[Records excerpted from a collection]
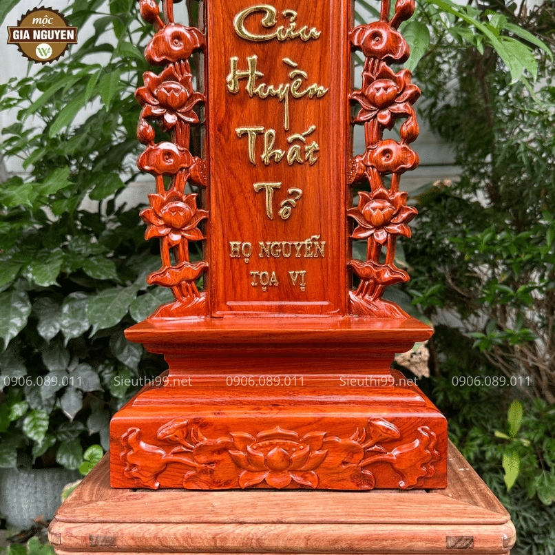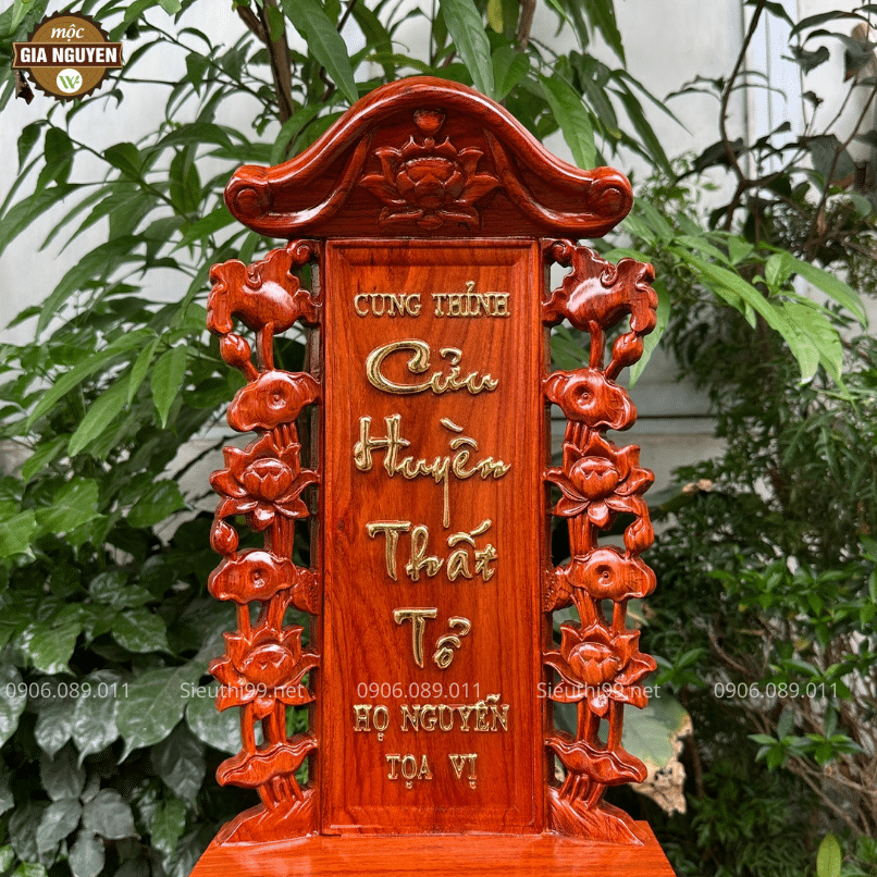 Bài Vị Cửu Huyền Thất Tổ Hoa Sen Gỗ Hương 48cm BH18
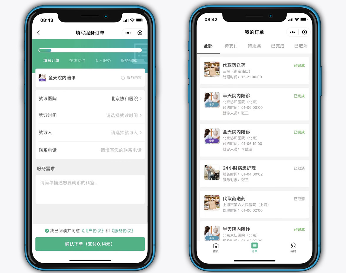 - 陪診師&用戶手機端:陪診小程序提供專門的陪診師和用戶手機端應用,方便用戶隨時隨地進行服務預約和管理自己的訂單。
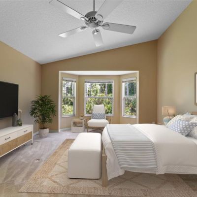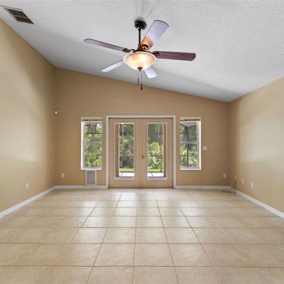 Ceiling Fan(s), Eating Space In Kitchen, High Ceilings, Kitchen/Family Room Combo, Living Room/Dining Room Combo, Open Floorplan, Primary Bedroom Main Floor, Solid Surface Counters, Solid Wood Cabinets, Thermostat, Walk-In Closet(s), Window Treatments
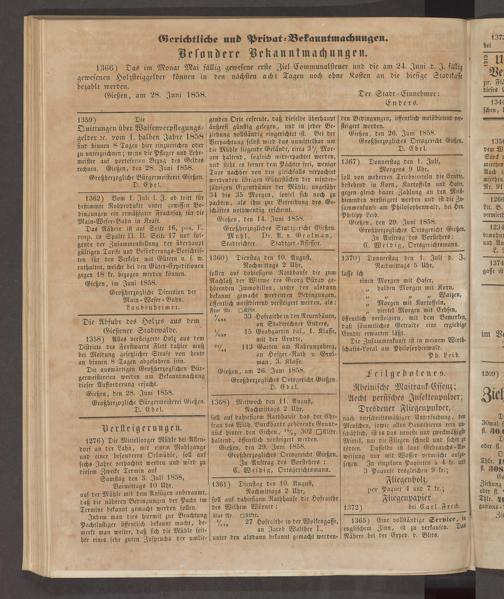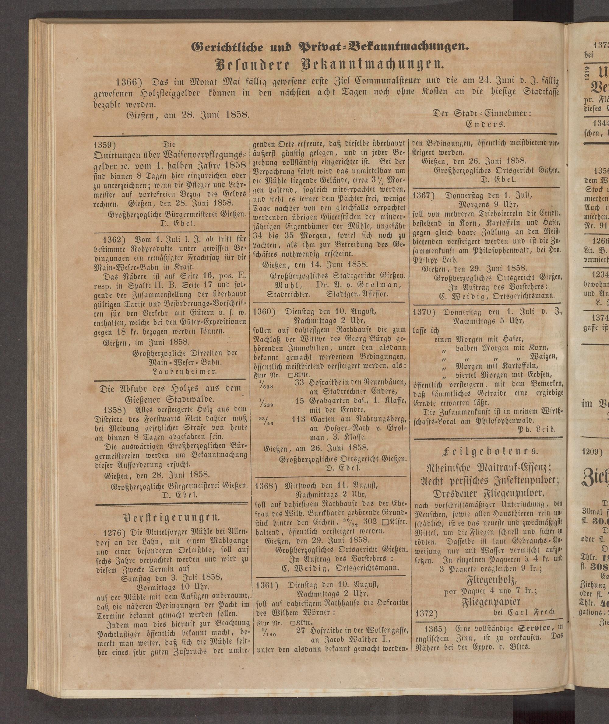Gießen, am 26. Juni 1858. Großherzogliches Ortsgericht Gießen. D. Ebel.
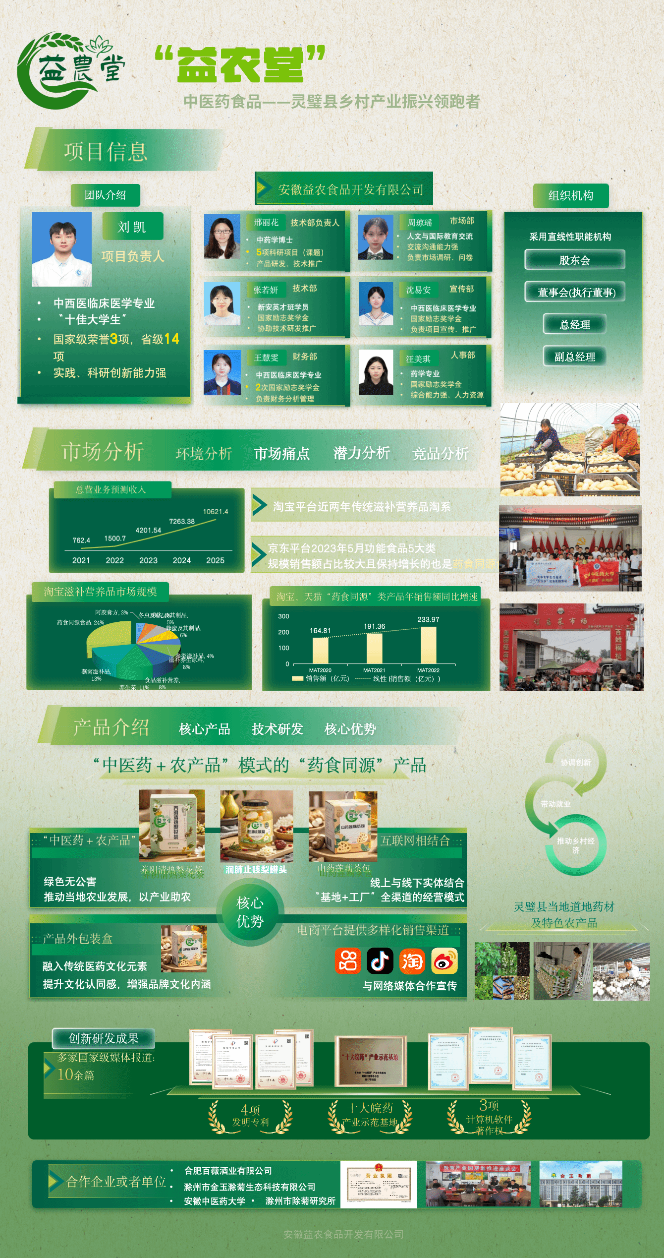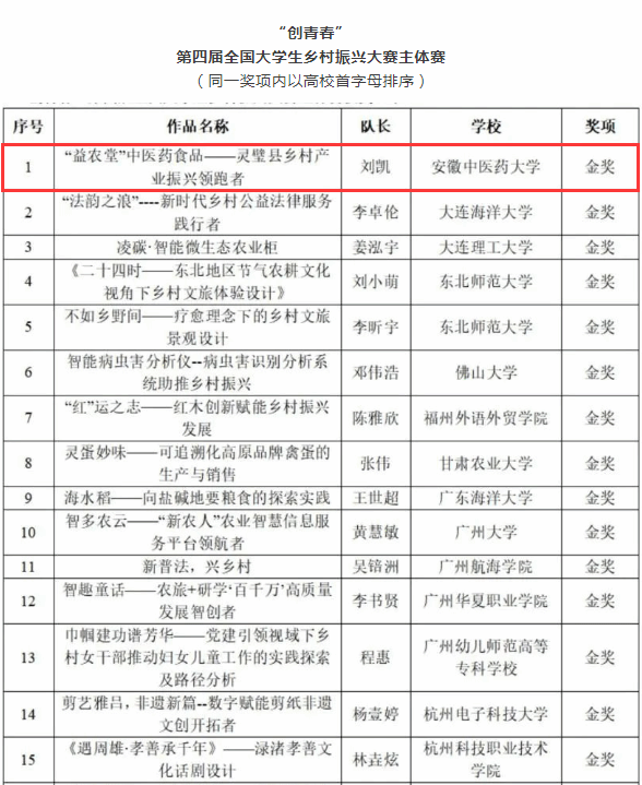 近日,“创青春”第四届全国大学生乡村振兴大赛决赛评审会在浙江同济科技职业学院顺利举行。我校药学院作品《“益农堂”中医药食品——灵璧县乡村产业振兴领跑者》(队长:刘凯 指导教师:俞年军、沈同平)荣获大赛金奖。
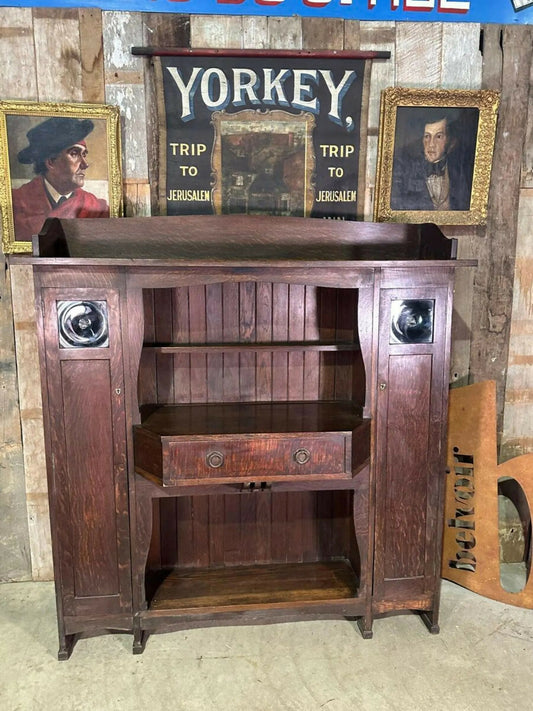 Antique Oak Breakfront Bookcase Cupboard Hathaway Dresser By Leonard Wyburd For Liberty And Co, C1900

▸ **To do**
Copy every record exactly, leaving the pictures out.

▸ **Completed exercise**
 Bài Vị Cửu Huyền Thất Tổ Hoa Sen Gỗ Hương 48cm BH18
 - 陪診師&用戶手機端:陪診小程序提供專門的陪診師和用戶手機端應用,方便用戶隨時隨地進行服務預約和管理自己的訂單。
 Ceiling Fan(s), Eating Space In Kitchen, High Ceilings, Kitchen/Family Room Combo, Living Room/Dining Room Combo, Open Floorplan, Primary Bedroom Main Floor, Solid Surface Counters, Solid Wood Cabinets, Thermostat, Walk-In Closet(s), Window Treatments
Gießen, am 26. Juni 1858. Großherzogliches Ortsgericht Gießen. D. Ebel.
 近日,“创青春”第四届全国大学生乡村振兴大赛决赛评审会在浙江同济科技职业学院顺利举行。我校药学院作品《“益农堂”中医药食品——灵璧县乡村产业振兴领跑者》(队长:刘凯 指导教师:俞年军、沈同平)荣获大赛金奖。
 Antique Oak Breakfront Bookcase Cupboard Hathaway Dresser By Leonard Wyburd For Liberty And Co, C1900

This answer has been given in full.